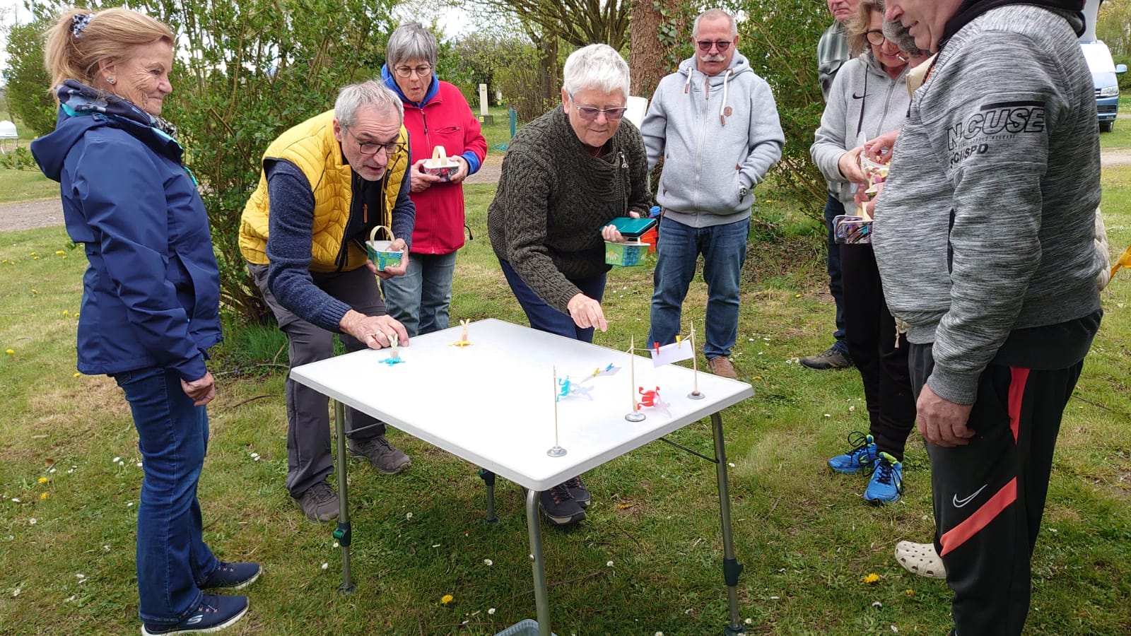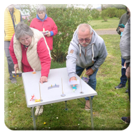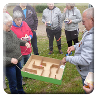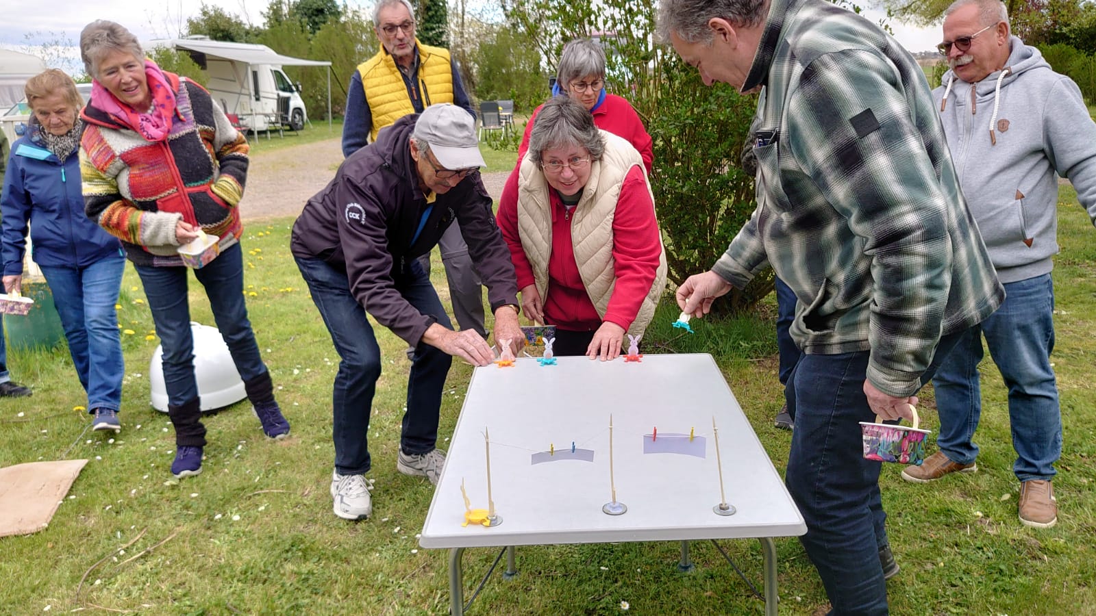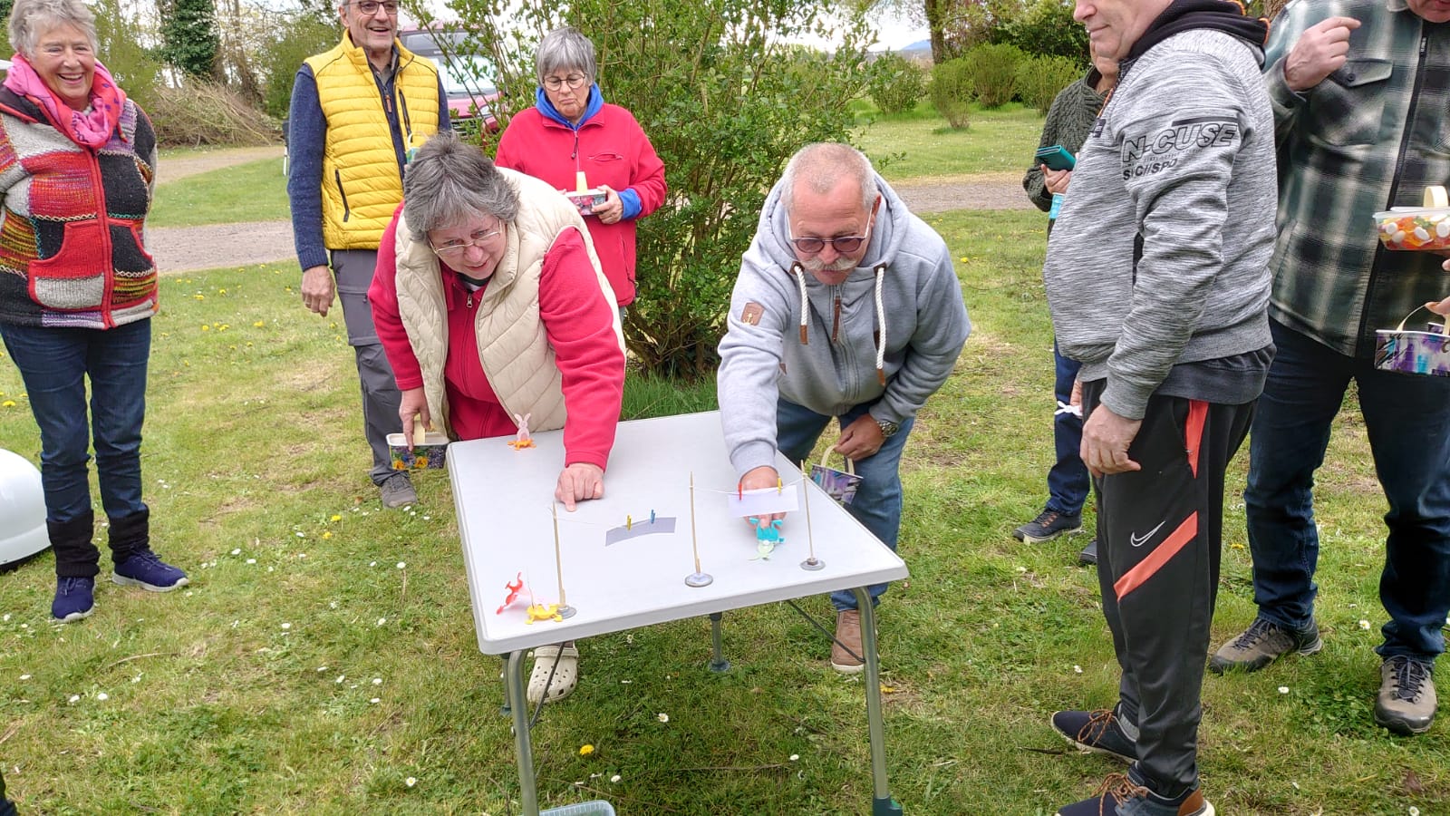 Damit ein bisschen Bewegung in die Truppe kam veranstalteten Yvonne Pfaff und Michaela Gottlieb am Samstag-Nachmittag eine Oster-Olympiade. Die 16 Teilnehmer zogen gemeinsam von Station zu Station auf dem Rundkurs über den Platz. Es wurden Sammelkörbchen gebastelt, Wörter enträtselt und Spiele mit österlichem Bezug bestritten. So wurden Darts auf Luftballons geworfen, Osterhasen hüpfen gelassen und ein größeres Plastikei über die Schnur geworfen. An jeder Station gab es in dem Körbchen Osternaschereien zu sammeln. Bunte Eier erhielt man bei dem Eierlauf und dem Kuller-Labyrinth. Alle hatten viel Spaß bei den Aktionen wobei es nicht um Platzierungen ging. Nach einer Stunde wurden den Teilnehmern Plaketten in Form Cornflakes-Schokomedallien übergeben und ein gemeinsames Siegerfoto geschossen.
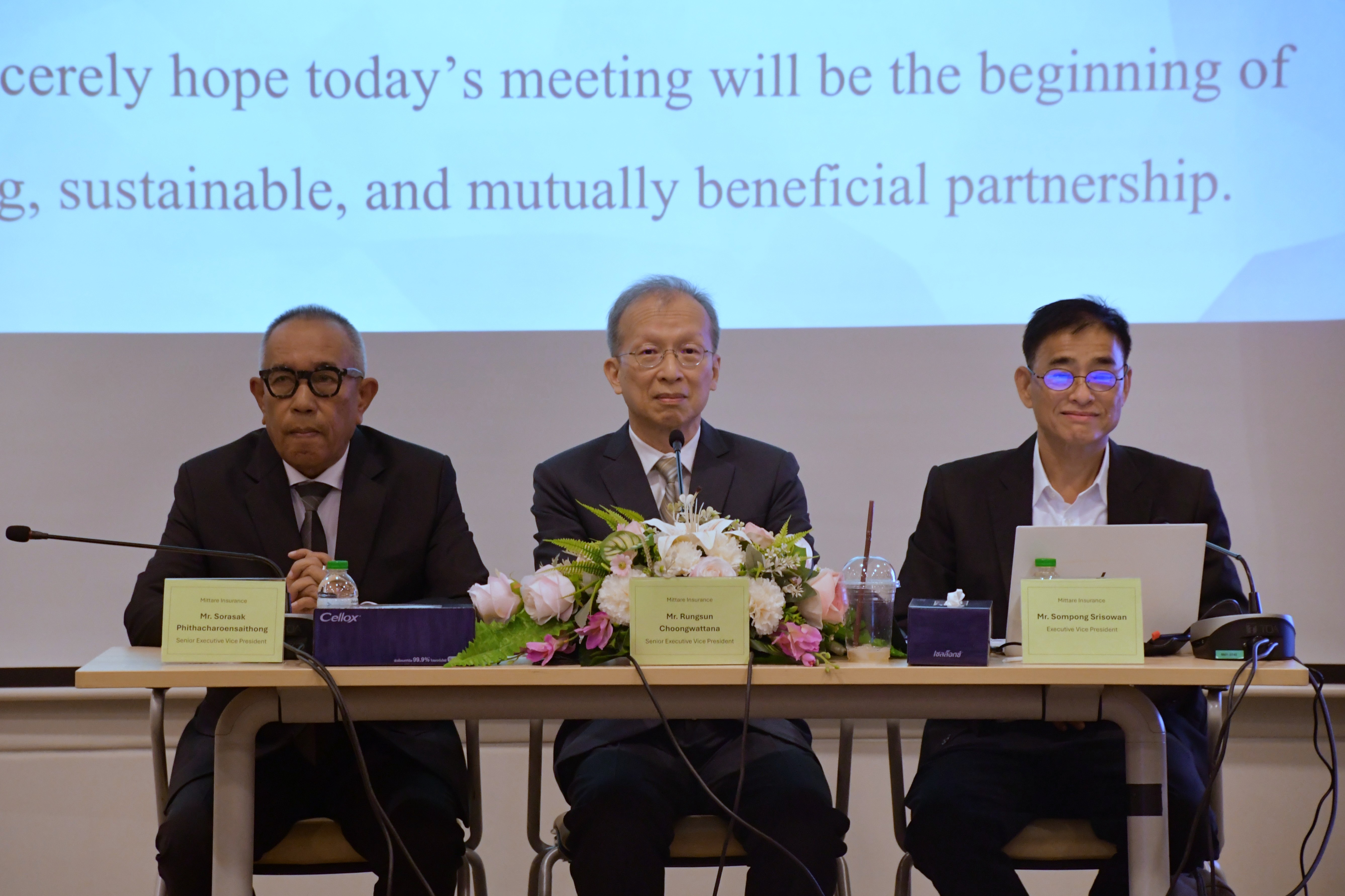 ในโอกาสนี้ นายรังสรรค์ จูงวัฒนา กรรมการบริหารและรองกรรมการผู้จัดการอาวุโส พร้อมด้วย คุณสรภ์ศักย์ ภิธเจริญสายทอง รองกรรมการผู้จัดการอาวุโส ฝ่ายขยายงาน และ คุณสมพงษ์ ศรีโสวรรณ รองกรรมการผู้จัดการ ฝ่ายกิจการตัวแทน และฝ่ายฝึกอบรมและพัฒนาตัวแทน เป็นผู้แทนบริษัทร่วมให้การต้อนรับ พร้อมนำเสนอภาพรวมทิศทางการดำเนินธุรกิจประกันวินาศภัยของมิตรแท้ประกันภัย ทั้งด้านทิศทางเชิงกลยุทธ์ การขยายเครือข่ายตัวแทน การพัฒนาผลิตภัณฑ์ และการนำเทคโนโลยีมาสนับสนุนการให้บริการ เพื่อยกระดับประสบการณ์ของลูกค้าอย่างรอบด้าน
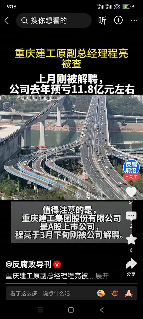 资讯 重庆建工原副总经理程亮被查,上月刚被解聘,公司去年预亏11.8亿元左右
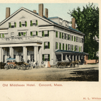 Image description: A color illustration of a photograph of the Middlesex Hotel. The image shows the Middlesex Hotel from its left side, with many people in carriages visible. Below the image is the following in red text: "Old Middlesex Hotel, Concord, Mass." In the bottom right corner is the following text in red: "H. L. Whitcomb, Concord, Mass."
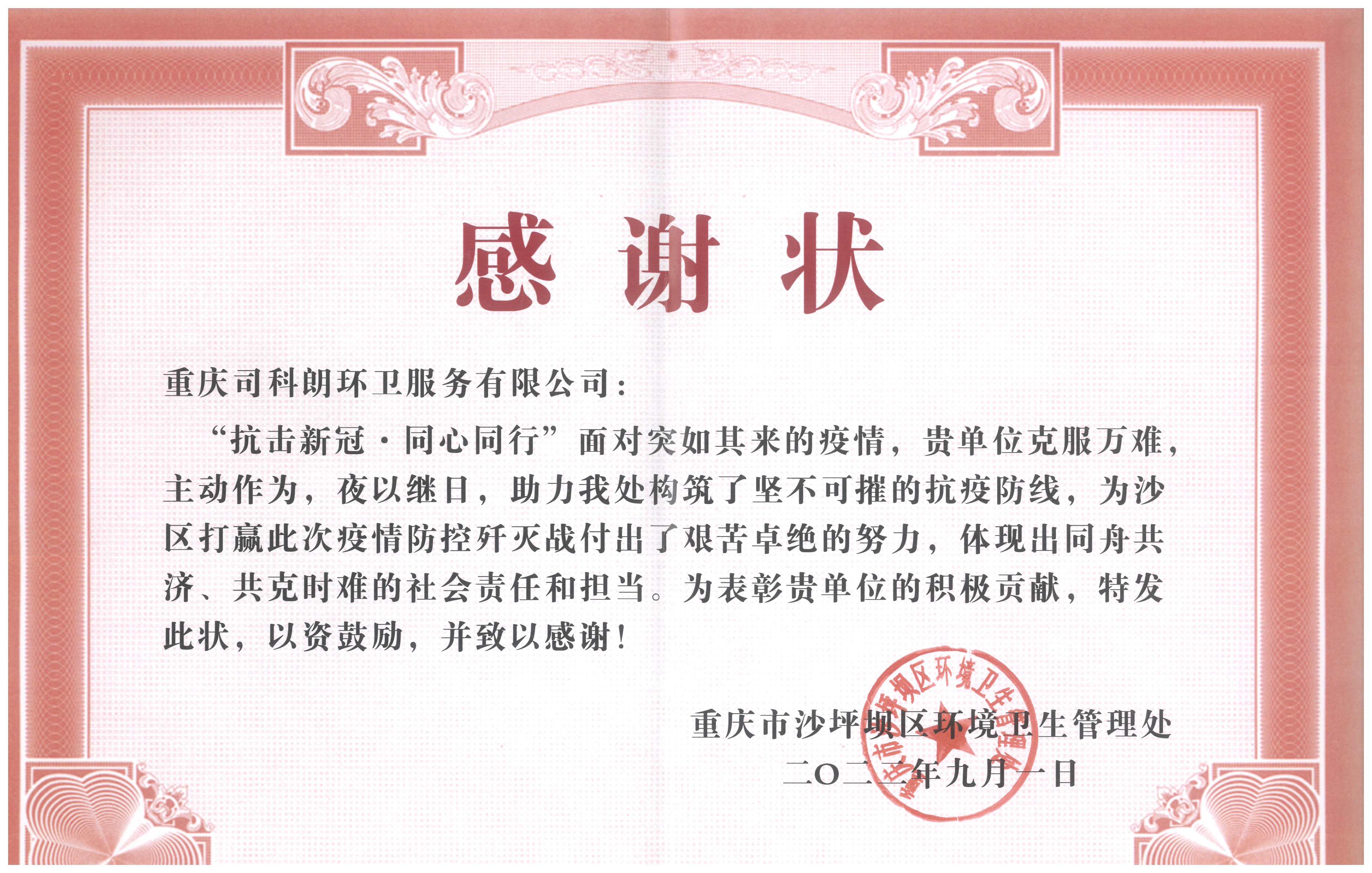 司科朗总公司抗击新冠同心同行感谢状
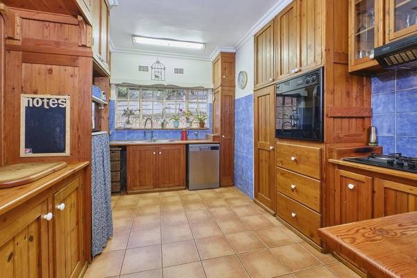 Set along a charming, sloped driveway, this abode welcomes you through either a convenient side entrance or direct access via the kitchen. The kitchen offers a warm and functional culinary space, featuring a gas hob with electric oven, cabinetry, a pantry, double sink, and room for two appliances. A compact island-style nook adds to the practicality, while space is provided for a single-door fridge.
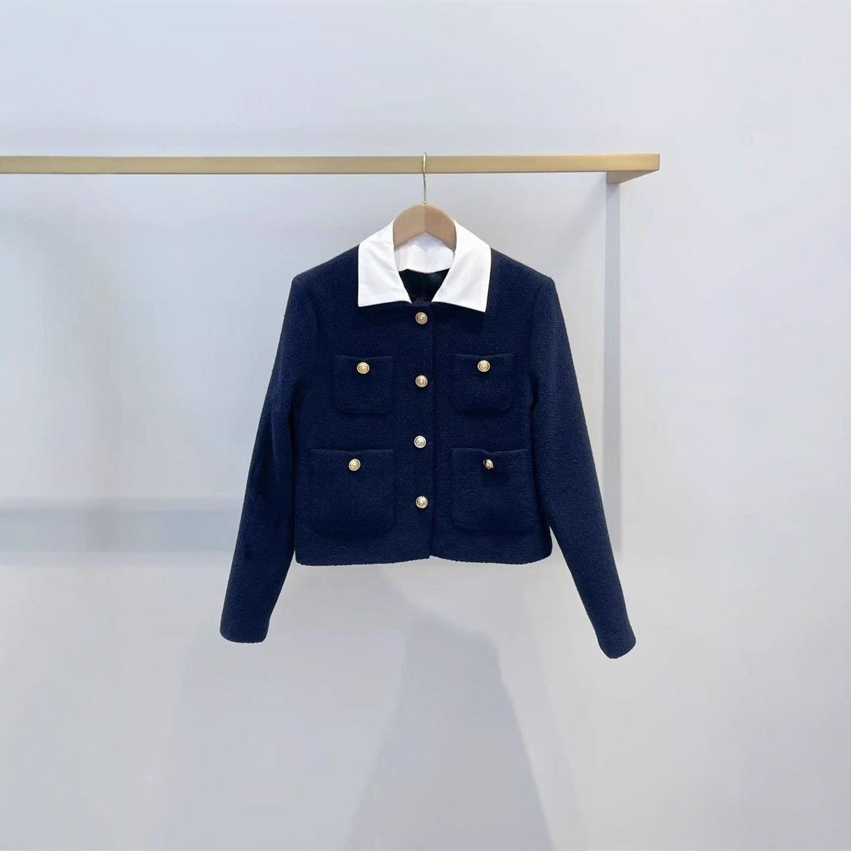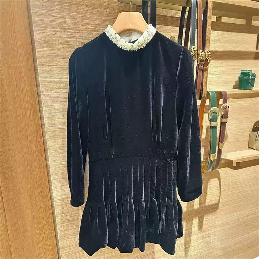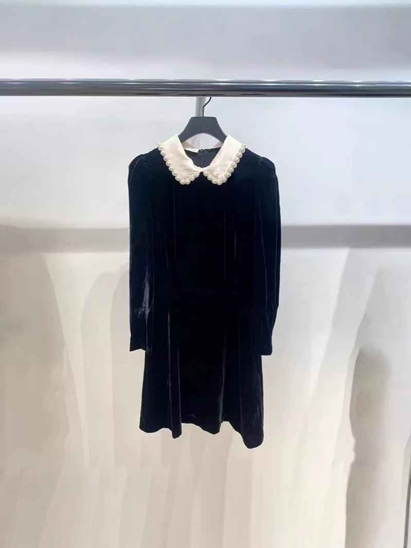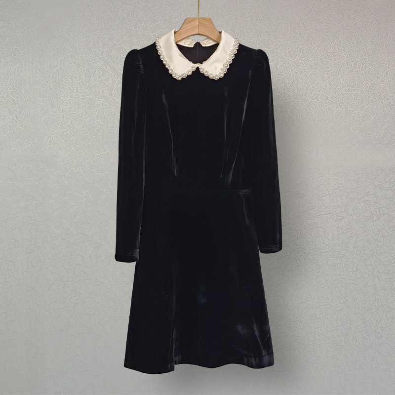 2024秋冬明星同款法式甜美可拆卸珍珠边缎面娃娃领千金风连衣裙
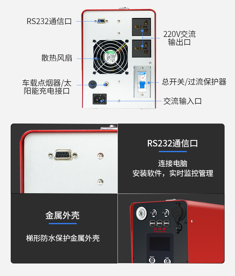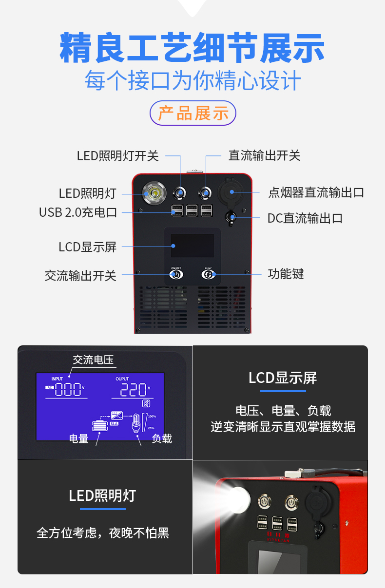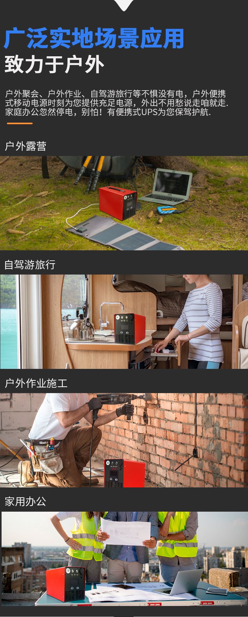大功率纯正弦波输出,支持边充边放,支持太阳能、汽车充电,带有ups功能、屏幕数显,LED手电。适用于电脑、无人机、房车、车载冰箱、户外露营,夜市摆摊等

◆ Task to complete: Restate word for word only the lines from the one with "2024秋冬明星同款法式甜美可拆卸珍珠边缎面娃娃领千金风连衣裙" through the last line of the material, both included. Any picture should be left out.

◆ Your solution:
 2024秋冬明星同款法式甜美可拆卸珍珠边缎面娃娃领千金风连衣裙
大功率纯正弦波输出,支持边充边放,支持太阳能、汽车充电,带有ups功能、屏幕数显,LED手电。适用于电脑、无人机、房车、车载冰箱、户外露营,夜市摆摊等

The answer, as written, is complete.